New findings show how climate change is influencing India’s farmer suicides

A suicide epidemic among India’s farmers has shaken the country and contributed to a doubling of the nation’s suicide rate since 1980.

It’s a widespread and intensely personal issue, one that has been difficult to tease out the root source. Debt, mental health, lack of social services, weather vagaries and even media coverage have all been put forward as part of the problem.
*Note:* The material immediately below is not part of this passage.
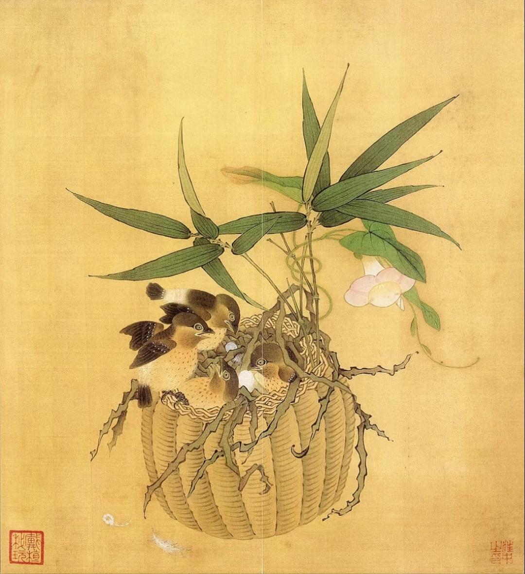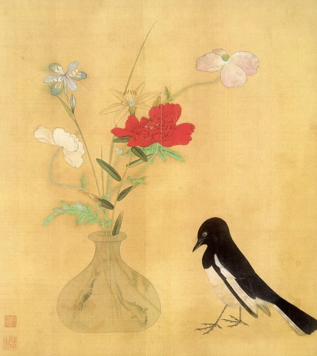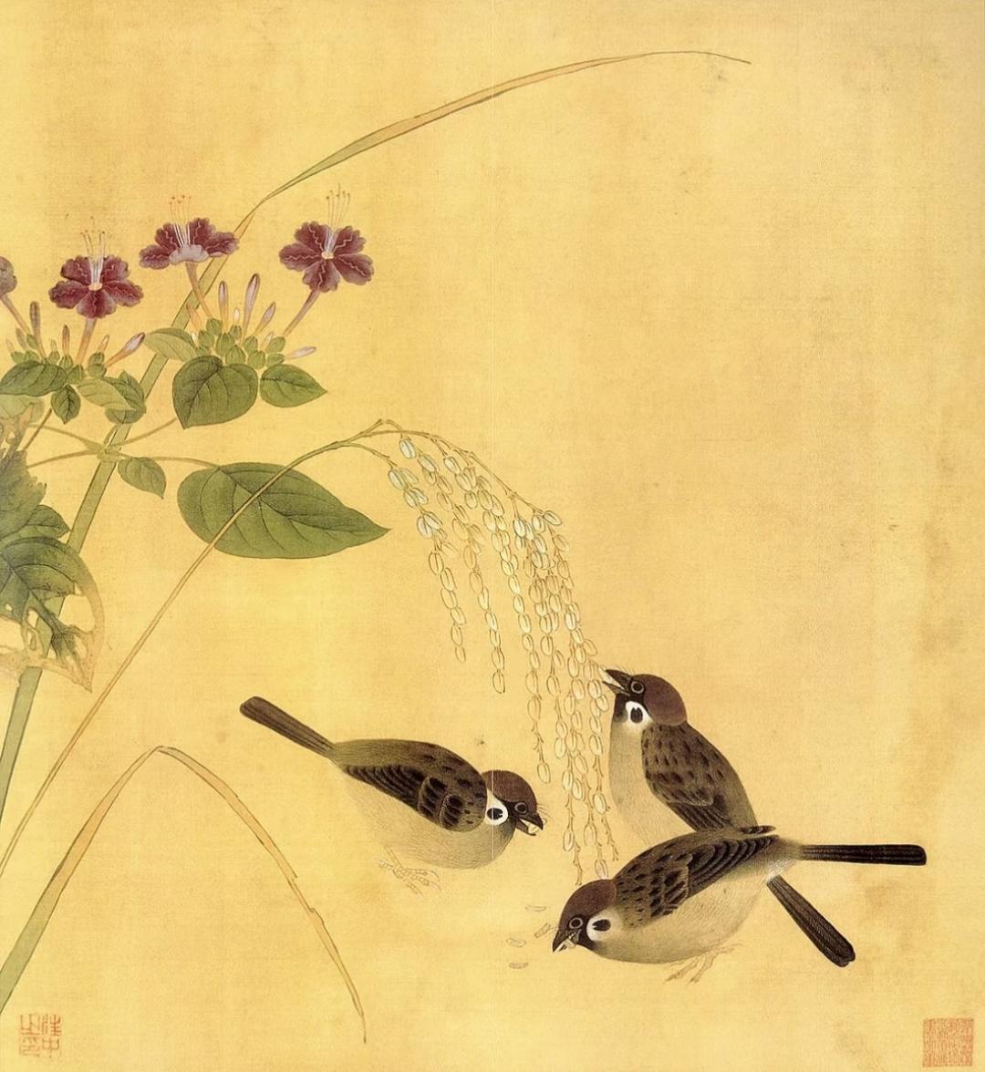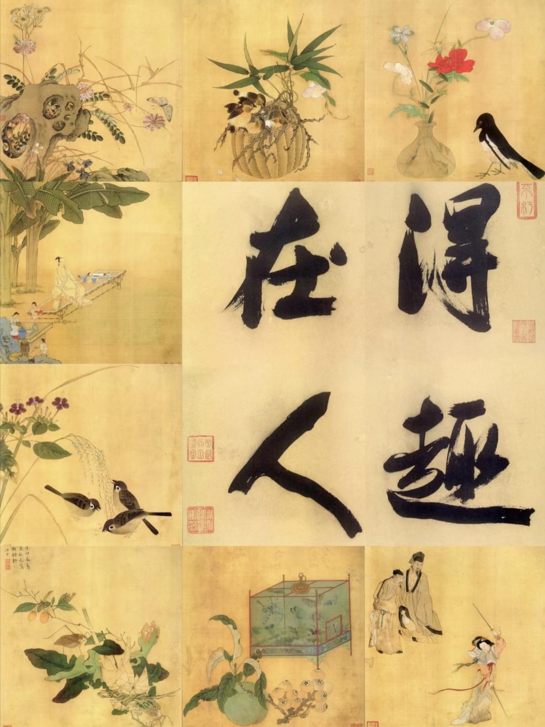 全册题材多元,花鸟、人物、山水兼具,每开皆为汪中精擅之景,工细笔触中藏文人风骨。以工笔为主,勾线精准,无一笔懈怠,翎毛、花卉、人物的细节刻画入微,如雀鸟羽毛的层次、侍女衣纹的褶皱、山石的纹理,皆栩栩如生。

Now, recent research published in the Proceedings of the National Academy of Sciences suggests that climate change could also be playing a role.
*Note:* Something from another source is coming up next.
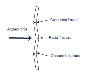 Most of the glass is projected forward, in the direction of the blow. But some of the fragments will be projected backwards, towards the person breaking the window, up to a distance of 3 metres known as 'backscatter'. Anyone standing close enough when the window breaks will be covered in tiny fragments of glass which will stick to their clothing and their hair. Reading the signs Most of the glass encountered by forensic scientists originates from windows, headlamps, bottles and containers. All this commercial glass is similar in composition and the usual methods of chemical analysis are of little help in distinguishing between them. The simplest method used to compare pieces of broken glass is to fit them together like a jigsaw, though this is rarely possible due to the small size of samples. However, large fragments of glass that originated from the point of impact do show characteristic 'rib' (or 'heckle') marks along the edges. And these marks can be used to determine the side on which the impact occurred and so help to reconstruct the window.
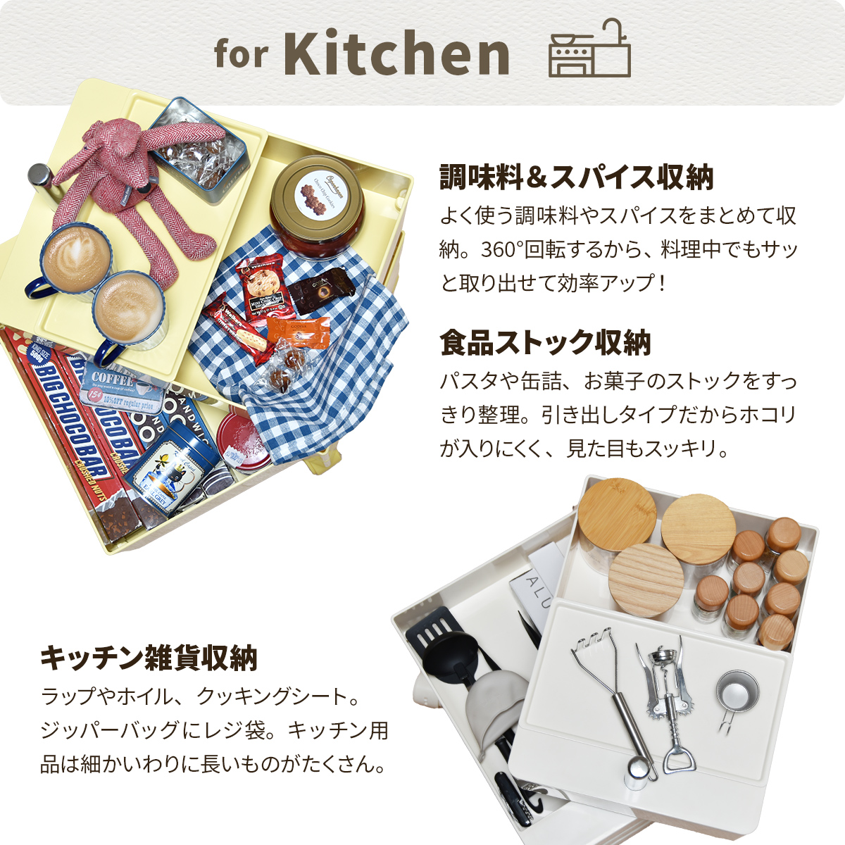 360度スピンでスライドする引き出しでどちらの方向からでもサッと取り出せます。

The findings attribute more than 59,000 suicides in India to rising temperatures since 1980. With the world expected to warm further, the results suggest that adaptation could play a key role in helping farmers.

“Suicide is a heartbreaking indicator of human hardship, and I felt that if this phenomenon were in fact affected by a changing climate, it would be essential to quantify its effect and consider this relationship as we build climate policy for the future,” Tamma Carleton, a PhD student at the University of California, Berkeley who authored the new study, said.
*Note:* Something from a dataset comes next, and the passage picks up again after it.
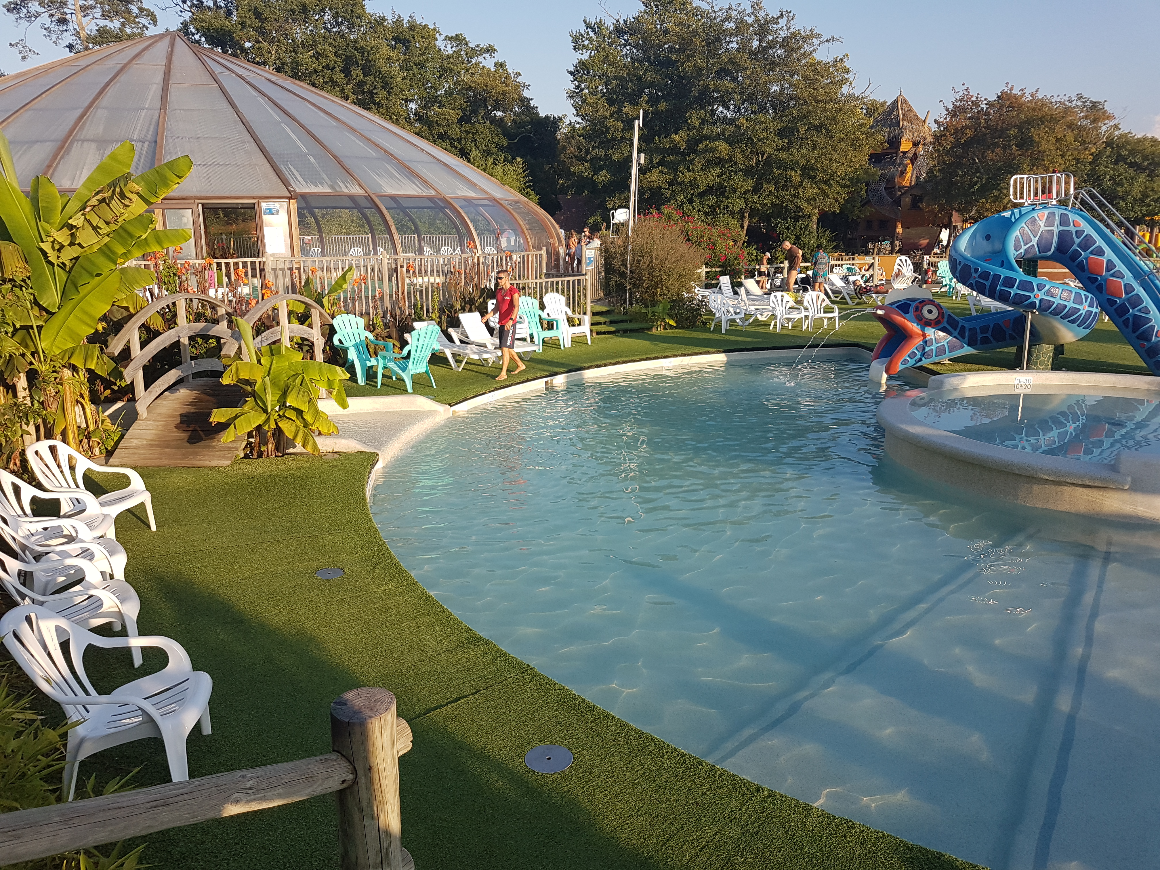 Super camping,personnel très sympathique, mobil home bien agencé pour 3 ,1 adulte et 2 enfants de 3 ans,beaucoup de possibilités pour la baignade des petits avec divers toboggans. Un petit problème le manque de fauteuils et bains de soleil du fait que les gens viennent le matin partent manger en laissant leurs affaires sur les les fauteuils et bains de soleil 😟.A l'année prochaine.

Agriculture makes up 14 percent of India’s GDP, but employs 230 million people or 32 percent of the rural population. Roughly two-thirds of those farmers have poor access to irrigation and rely on rainfed agriculture, itself a crapshoot tied to the Indian monsoon. That leaves them vulnerable to not just drought but other climate shocks like rising temperatures.

“These farmers and agricultural workers face extremely stressful and difficult conditions,” Carleton said. “In this risky environment where families are very poor, any additional shock can lead to extreme economic destitution, and some individuals may cope with that hardship by committing suicide. I find that the climate, and temperature in particular, causes crop losses while also elevating the risk of suicide.”